■ **Task prompt**: Extract the records in full, leaving every picture out.

· · · ·

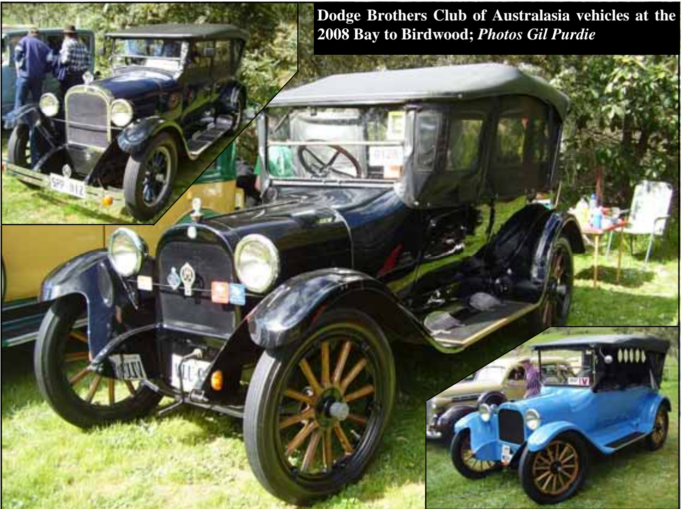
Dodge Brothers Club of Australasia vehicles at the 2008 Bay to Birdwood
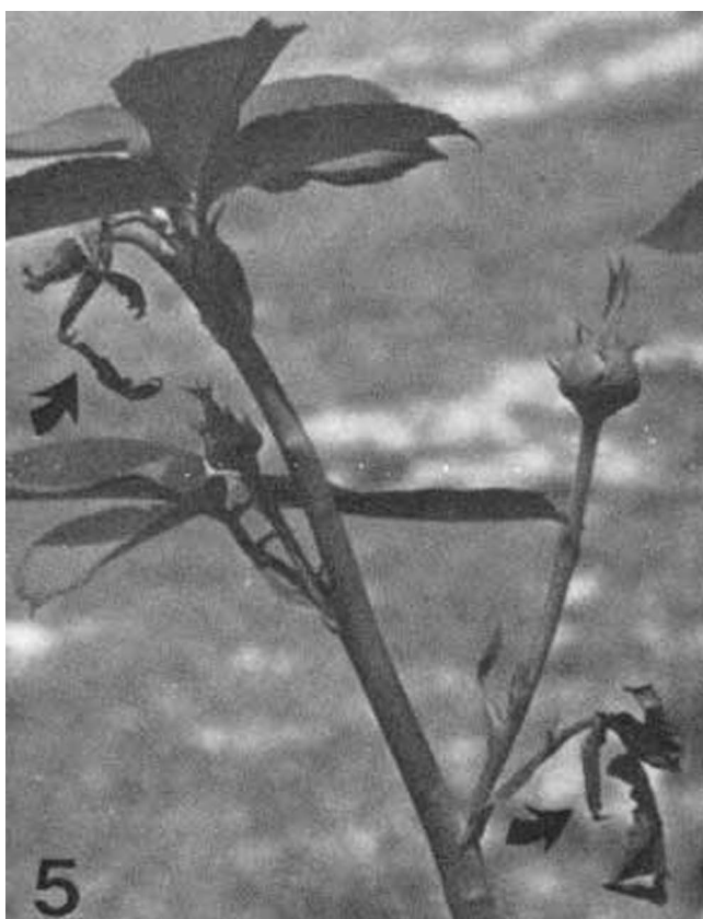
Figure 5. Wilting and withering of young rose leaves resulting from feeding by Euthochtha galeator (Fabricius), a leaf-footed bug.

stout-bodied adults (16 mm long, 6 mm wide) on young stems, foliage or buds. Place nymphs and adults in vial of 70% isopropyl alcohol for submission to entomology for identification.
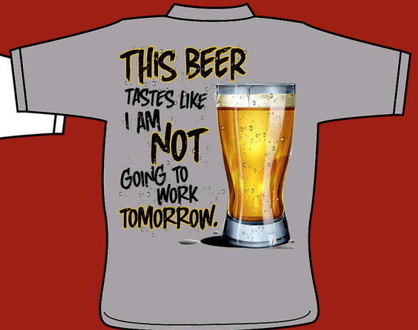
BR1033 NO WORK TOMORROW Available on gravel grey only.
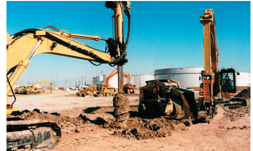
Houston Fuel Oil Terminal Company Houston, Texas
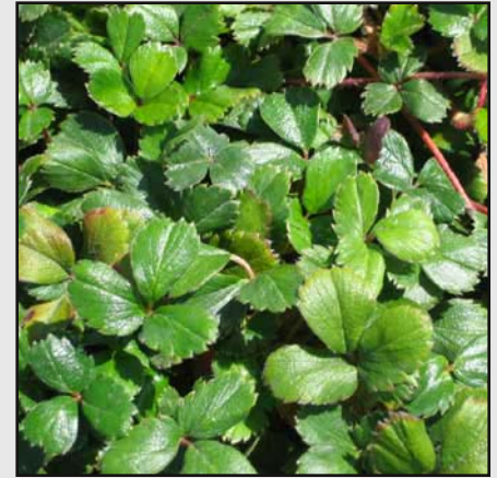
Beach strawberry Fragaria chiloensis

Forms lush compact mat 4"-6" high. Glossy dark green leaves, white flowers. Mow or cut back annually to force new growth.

· · · ·

■ **Solution to the problem**:
Dodge Brothers Club of Australasia vehicles at the 2008 Bay to Birdwood
Figure 5. Wilting and withering of young rose leaves resulting from feeding by Euthochtha galeator (Fabricius), a leaf-footed bug.

stout-bodied adults (16 mm long, 6 mm wide) on young stems, foliage or buds. Place nymphs and adults in vial of 70% isopropyl alcohol for submission to entomology for identification.
BR1033 NO WORK TOMORROW Available on gravel grey only.
Houston Fuel Oil Terminal Company Houston, Texas
Beach strawberry Fragaria chiloensis

Forms lush compact mat 4"-6" high. Glossy dark green leaves, white flowers. Mow or cut back annually to force new growth.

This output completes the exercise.